*Task brief:* Drop every picture, then transcribe the remaining data exactly.

*Collected data:*

============================================================

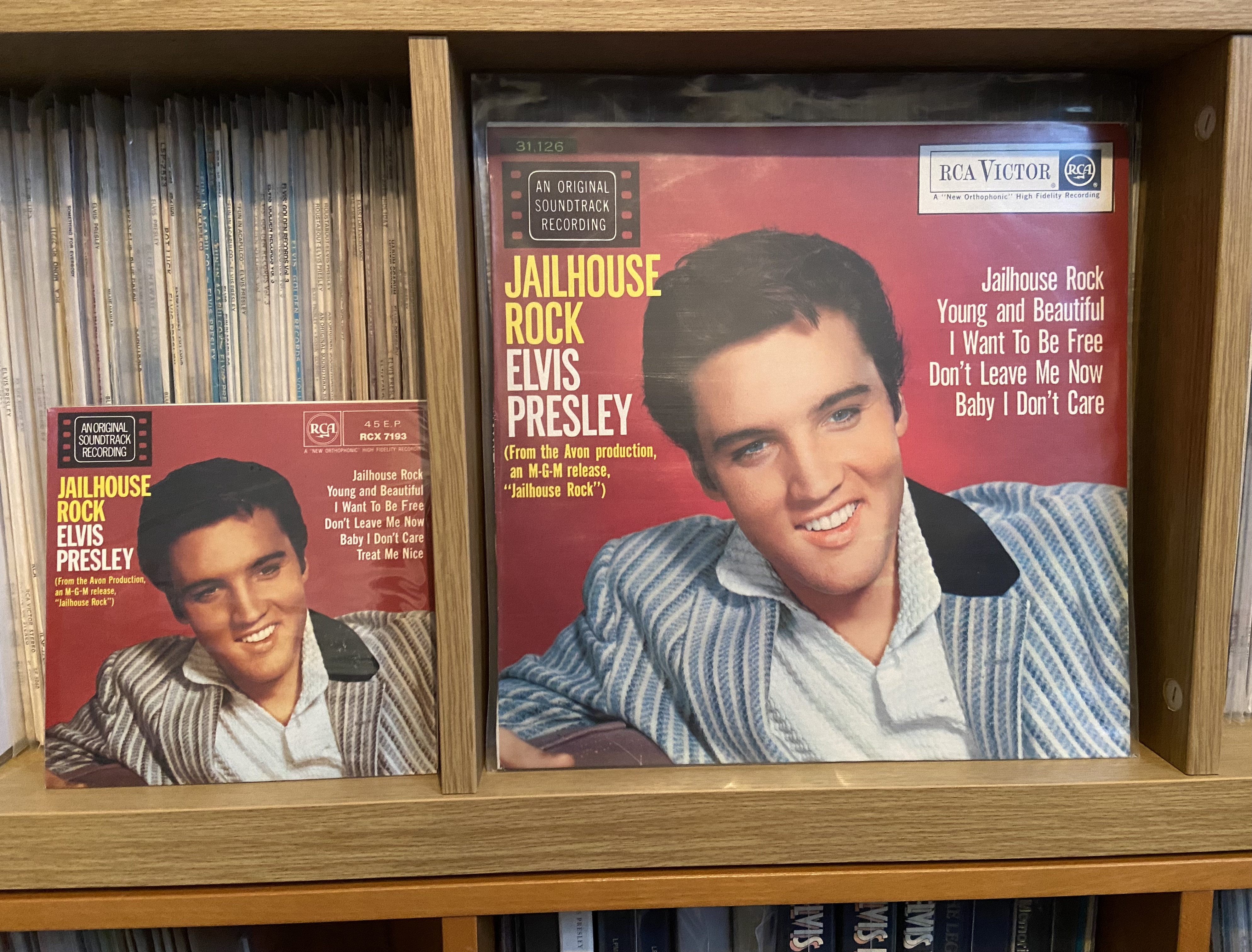 Elvis’s global popularity is what lead to RCA distributors and affiliates pressing records for their own home markets. This lead to many rare pressings being produced and the South African release of the ‘Jailhouse Rock LP ‘ is a typical example of this.
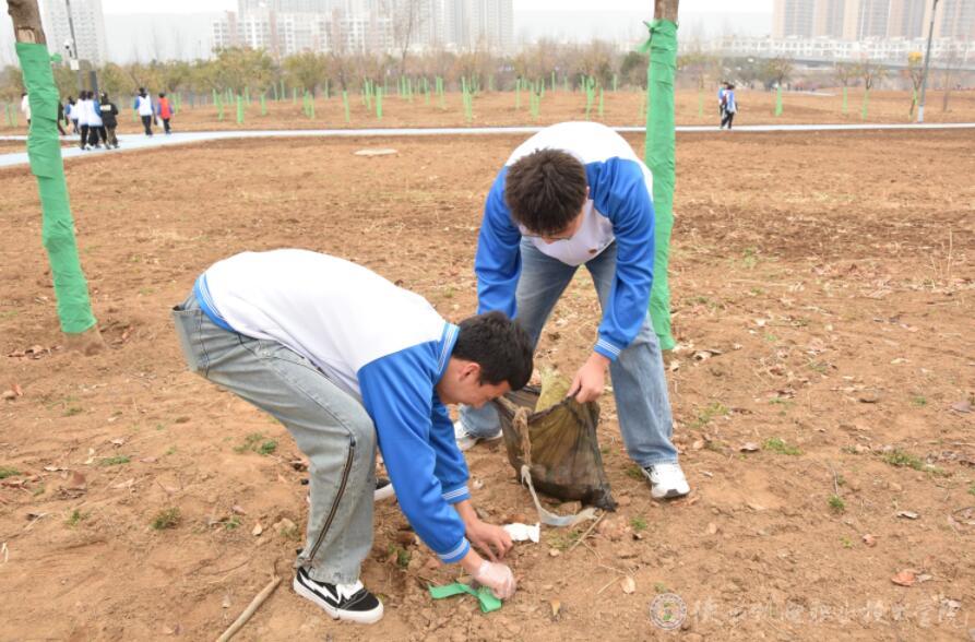 启动仪式后,我校青年志愿者开展环境卫生整治活动。志愿者们从渭河沿岸坡道散开,分工明确,相互配合。一部分志愿者手持垃圾袋、垃圾钳等清理工具,对草地上的塑料袋、烟头、果皮、瓶子等垃圾进行逐一清理;一部分志愿者负责清理拾捡河道边残留的碎屑。
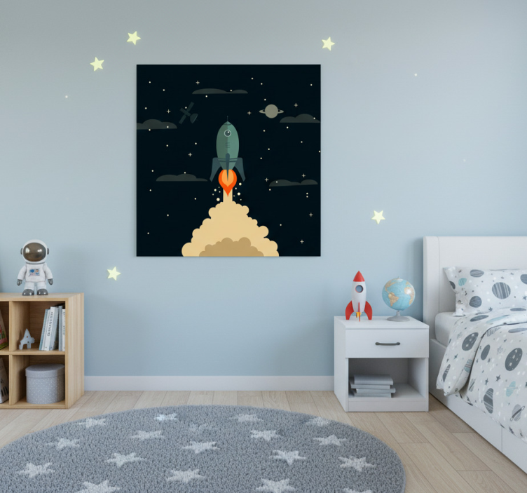 Plakát do dětské ložnice s raketou do vesmíru
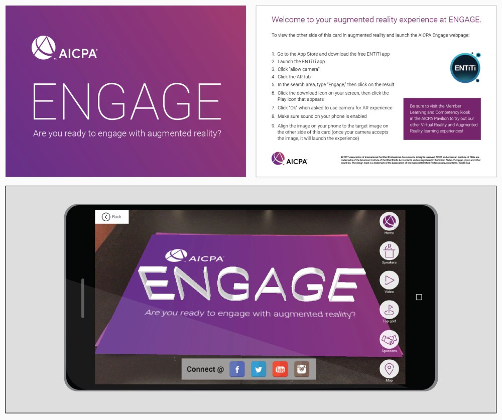 AR postcard that provided Engage Conference participants with info on events. I assisted with postcard creation and branding of the app.

============================================================

*Response to the exercise:*
 Elvis’s global popularity is what lead to RCA distributors and affiliates pressing records for their own home markets. This lead to many rare pressings being produced and the South African release of the ‘Jailhouse Rock LP ‘ is a typical example of this.
 启动仪式后,我校青年志愿者开展环境卫生整治活动。志愿者们从渭河沿岸坡道散开,分工明确,相互配合。一部分志愿者手持垃圾袋、垃圾钳等清理工具,对草地上的塑料袋、烟头、果皮、瓶子等垃圾进行逐一清理;一部分志愿者负责清理拾捡河道边残留的碎屑。
 Plakát do dětské ložnice s raketou do vesmíru
 AR postcard that provided Engage Conference participants with info on events. I assisted with postcard creation and branding of the app.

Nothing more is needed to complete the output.